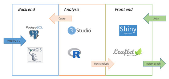 The structure of the web-GIS is composed of the back end, the analysis module, and the front end, as described in Figure 3. The satellite imagery and metadata are available through the Sentinel API Hub, so updated Level-2 images over the region of interest are automatically downloaded and stored as PostGIS elements in the PostgreSQL database. The data is kept in the original jp2 file format, and PostGIS stores meta-information (out_db option). The analysis module is based on R CRAN language, which connects the database with the front end. Therefore, the query can be launched by the user through the front-end interface that has been developed using Shiny and Leaflet packages. The user sets the parameters, which are the vegetation index, the areas drawn on the map, and the temporal window. In contrast, for the querying of the database, the threshold for the cloud coverage for each image is automatically set below 20%, and the cloud masking is automatically applied. The results are a colour-coded index map and a time-series plot (see Appendix A).
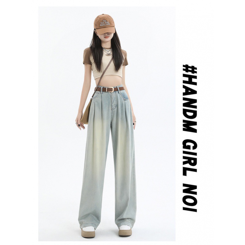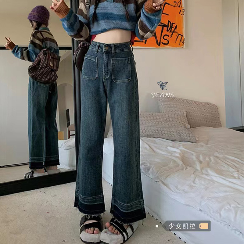 レトロなビッグサイズの高腰広脚ジーンズ女性春秋デザイン感リンゴ型スタイルはストレートで痩せたズボンを着ている
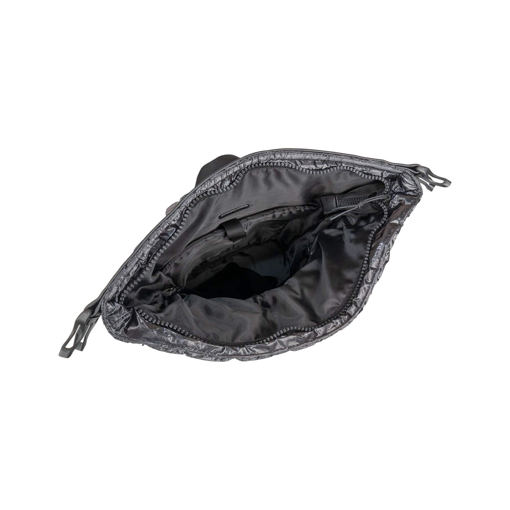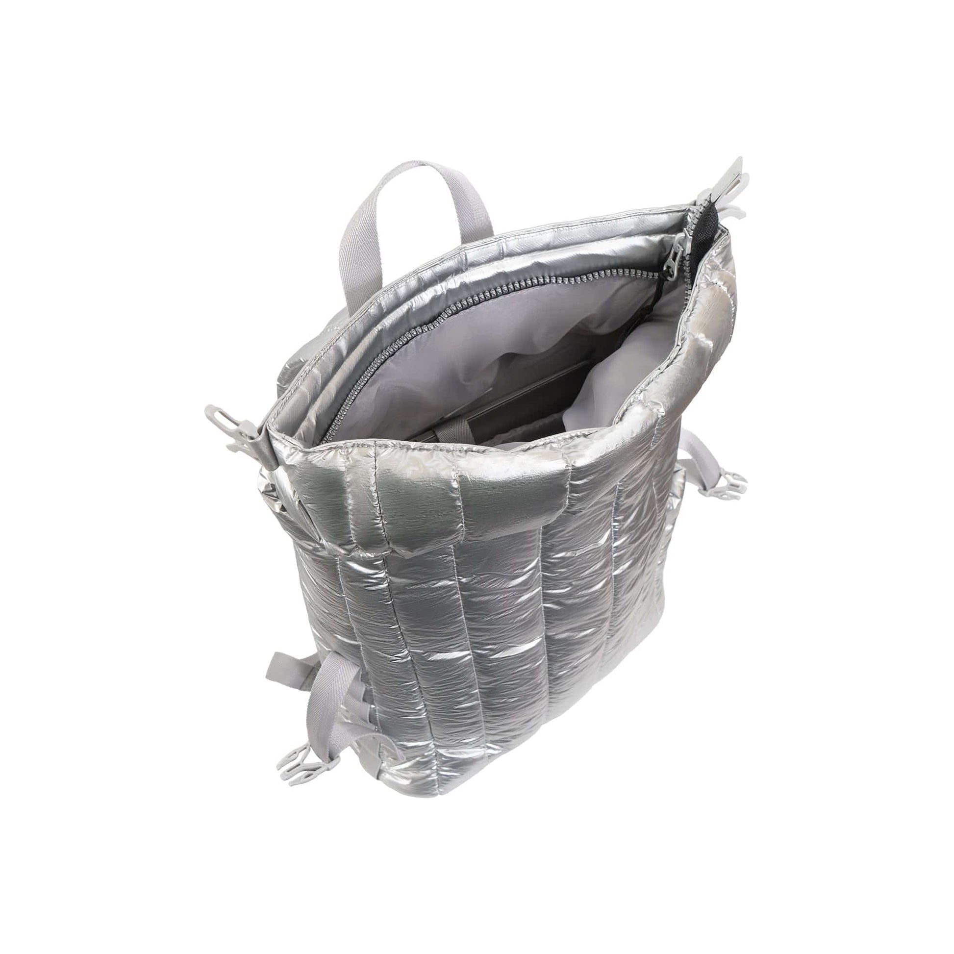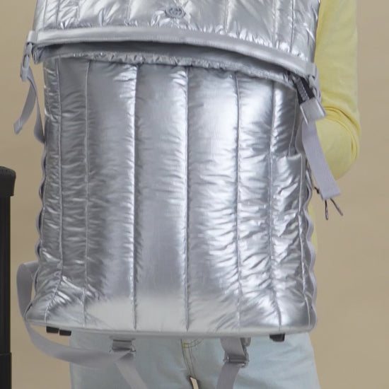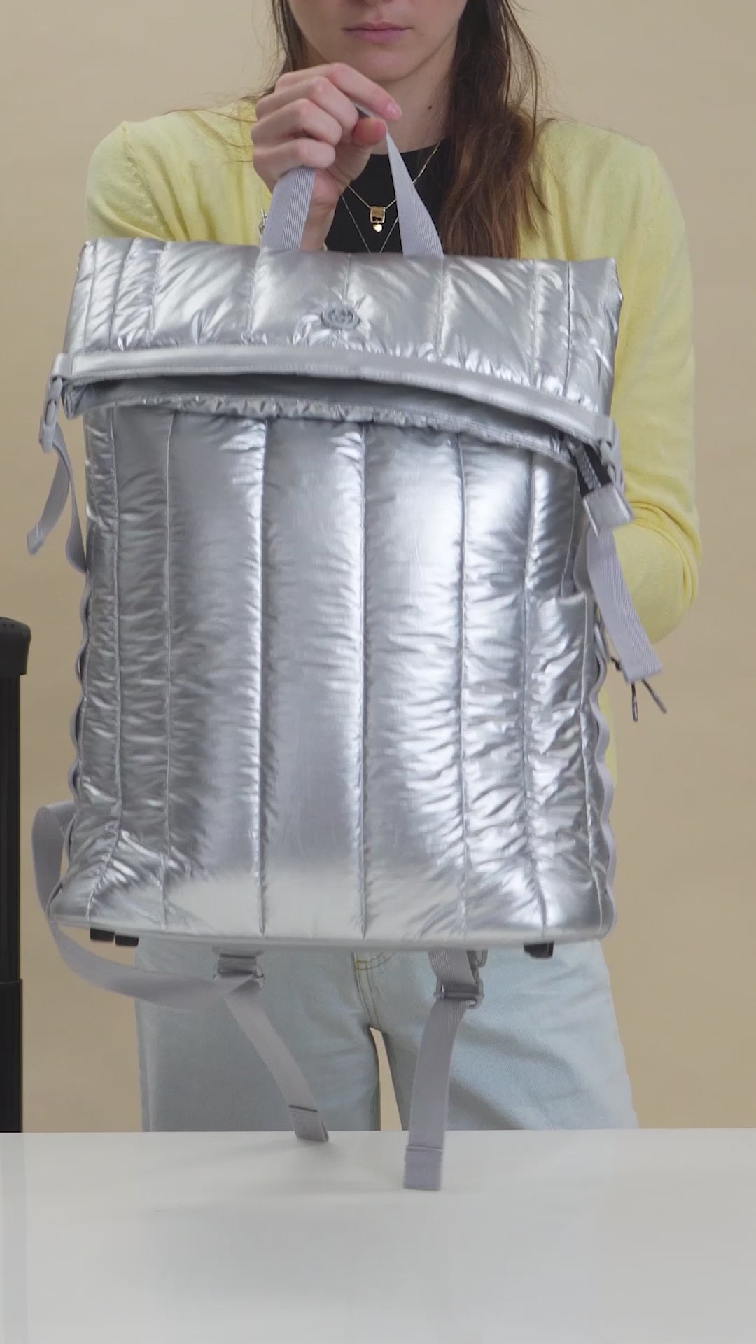 - Crafted from durable, lightweight puffer-style nylon with a sleek metallic finish.

**********

* **Problem to work on**
What is needed is a verbatim copy of the material, minus its pictures.

* **Solution for this task**
 The structure of the web-GIS is composed of the back end, the analysis module, and the front end, as described in Figure 3. The satellite imagery and metadata are available through the Sentinel API Hub, so updated Level-2 images over the region of interest are automatically downloaded and stored as PostGIS elements in the PostgreSQL database. The data is kept in the original jp2 file format, and PostGIS stores meta-information (out_db option). The analysis module is based on R CRAN language, which connects the database with the front end. Therefore, the query can be launched by the user through the front-end interface that has been developed using Shiny and Leaflet packages. The user sets the parameters, which are the vegetation index, the areas drawn on the map, and the temporal window. In contrast, for the querying of the database, the threshold for the cloud coverage for each image is automatically set below 20%, and the cloud masking is automatically applied. The results are a colour-coded index map and a time-series plot (see Appendix A).
 レトロなビッグサイズの高腰広脚ジーンズ女性春秋デザイン感リンゴ型スタイルはストレートで痩せたズボンを着ている
 - Crafted from durable, lightweight puffer-style nylon with a sleek metallic finish.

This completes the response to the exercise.